Seems normal. Get xrays done if you have doubts about the hips. Only way to tell for sure about hip/elbow issues.


----------



## Mr & Mrs Kirkley (Mar 9, 2012)

She was $350 and came with no guarantees. I forgot to add her sits are often sloppy. When looking up the dogs listed on her pedigree, I learned that one on the dam's side had hip dysplasia (I think it was either the grandmother or the great grandmother). Sire came from good lineage.....his ancestors were listed as excellent. I was told he came from a litter bred specifically for search and rescue. If your dog couldn't jump on beds at her age either maybe there's a chance my pup doesn't have hip dysplasia or only has a slight case. Can a vet tell if xrays are done at 6-7 months?


----------



## Ken Clean-Air System (Feb 27, 2012)

I guess it depends on how high your bed is. Ours has been able to jump up on our bed almost since we brought her home at 10 weeks of age. It may have been a couple weeks at most before she could jump up without assistance, but no more than that. 

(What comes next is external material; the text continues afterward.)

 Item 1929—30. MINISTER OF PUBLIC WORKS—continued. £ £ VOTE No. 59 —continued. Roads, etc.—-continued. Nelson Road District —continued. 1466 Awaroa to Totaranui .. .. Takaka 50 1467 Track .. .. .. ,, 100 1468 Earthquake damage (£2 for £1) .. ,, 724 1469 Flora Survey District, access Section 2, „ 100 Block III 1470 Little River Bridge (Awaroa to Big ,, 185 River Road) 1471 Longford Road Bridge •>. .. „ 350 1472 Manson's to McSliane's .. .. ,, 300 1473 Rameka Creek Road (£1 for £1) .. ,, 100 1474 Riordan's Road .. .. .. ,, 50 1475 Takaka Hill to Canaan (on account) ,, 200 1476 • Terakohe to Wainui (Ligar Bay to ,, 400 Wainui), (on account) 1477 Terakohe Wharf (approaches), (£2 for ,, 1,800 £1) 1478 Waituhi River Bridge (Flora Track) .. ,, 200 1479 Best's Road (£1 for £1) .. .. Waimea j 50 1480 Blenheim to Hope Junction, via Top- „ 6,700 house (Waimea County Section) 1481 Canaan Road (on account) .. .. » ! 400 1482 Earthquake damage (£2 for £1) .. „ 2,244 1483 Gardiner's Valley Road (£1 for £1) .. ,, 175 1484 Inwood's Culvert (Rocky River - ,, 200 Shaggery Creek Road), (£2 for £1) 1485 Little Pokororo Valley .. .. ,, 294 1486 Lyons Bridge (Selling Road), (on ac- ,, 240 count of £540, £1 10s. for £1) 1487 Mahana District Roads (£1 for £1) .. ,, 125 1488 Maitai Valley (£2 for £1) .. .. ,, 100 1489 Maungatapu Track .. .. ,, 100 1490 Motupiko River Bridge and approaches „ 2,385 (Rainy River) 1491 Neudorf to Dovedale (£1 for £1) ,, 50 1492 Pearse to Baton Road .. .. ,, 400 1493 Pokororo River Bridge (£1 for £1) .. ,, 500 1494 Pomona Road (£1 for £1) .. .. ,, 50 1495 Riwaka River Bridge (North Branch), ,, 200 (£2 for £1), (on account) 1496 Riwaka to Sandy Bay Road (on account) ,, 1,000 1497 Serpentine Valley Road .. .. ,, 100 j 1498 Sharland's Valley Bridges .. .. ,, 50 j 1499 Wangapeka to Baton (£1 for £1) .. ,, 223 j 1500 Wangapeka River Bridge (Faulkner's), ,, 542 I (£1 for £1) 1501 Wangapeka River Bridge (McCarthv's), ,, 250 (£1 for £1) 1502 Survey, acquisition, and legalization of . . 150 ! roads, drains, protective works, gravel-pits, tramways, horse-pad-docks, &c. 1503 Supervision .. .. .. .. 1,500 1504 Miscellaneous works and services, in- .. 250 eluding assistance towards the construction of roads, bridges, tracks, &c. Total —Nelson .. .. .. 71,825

Admittedly, though, Jazz is a jumper and quite an athletic one at that. The other day she shocked everyone, including herself I think, when she jumped from the floor up to a 3 foot high kitchen counter top (all four paws on the counter top) in her attempt to get closer to one of our cats who was on top of the refrigerator at the time.


----------



## Jo_in_TX (Feb 14, 2012)

My bed is on the high side, and Teddy can't usually just up. She's made it twice with a running start, but she usually just sticks her front paws on my bed and I lift her rear legs. I'm not anxious for her to be able to jump up unaided, so I'm not encouraging it.


----------



## llombardo (Dec 11, 2011)

Mine is the opposite..she can jump on the bed with no problems, but she needs assistance with the car. If you are planning on having her spayed, you can request an xray at that time since she will already be sedated.


----------



## Caitydid255 (Aug 28, 2010)

Freyja was able to jump onto the bed by 4 months. Prior to her being able to jump she would climb whatever obstacle she wished to conquer. No baby gate or X-pen could hold her back if she wanted to get out. I found that a lot of her inability to jump related to her being unsure or unable to judge the distance visually. Until she was about 5-6 months, she wouldn't jump on the bed unless the lights were on. You could try encouraging your pup to jump under different lighting circumstances, just to see if this might be a problem. Once we strengthened her bond, she would jump on command even in the dark. She still won't jump up for DH unless she is 100% sure of her footing.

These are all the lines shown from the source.